* WHAT YOU WILL DO *
An exact copy is required of the lines running from the one that contains "Floral Baby Horse" to the end of the material, both ends included, with pictures omitted.

* DATASET SECTION *

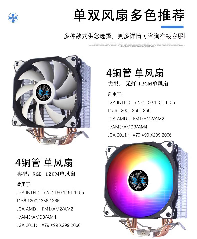 • 4120C 4 구리 튜브 12CM 컬러 라이트 팬
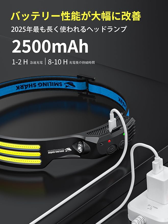 【超長時間連続使用】ヘッドランプは2500mAhのバッテリーで作動し、1回の充電で最大8時間の連続使用が可能。フル充電にかかる時間はわずか1~2時間です。(初回使用前に充電が必要)
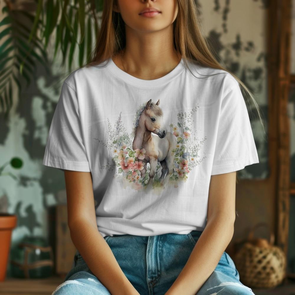 Floral Baby Horse Tee, Cute Horse T-Shirt, Flower Foal Shirt, Floral Pony Top
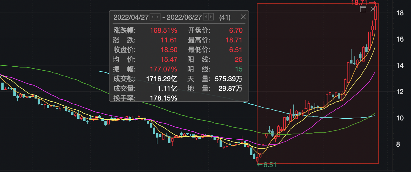 6月27日收盘,长安汽车涨8.76%,报18.5元/股,总市值1836亿,创历史新高。两个月内,长安汽车股价区间涨幅已超168%。

* OUTPUT FOR THIS EXERCISE *
 Floral Baby Horse Tee, Cute Horse T-Shirt, Flower Foal Shirt, Floral Pony Top
 6月27日收盘,长安汽车涨8.76%,报18.5元/股,总市值1836亿,创历史新高。两个月内,长安汽车股价区间涨幅已超168%。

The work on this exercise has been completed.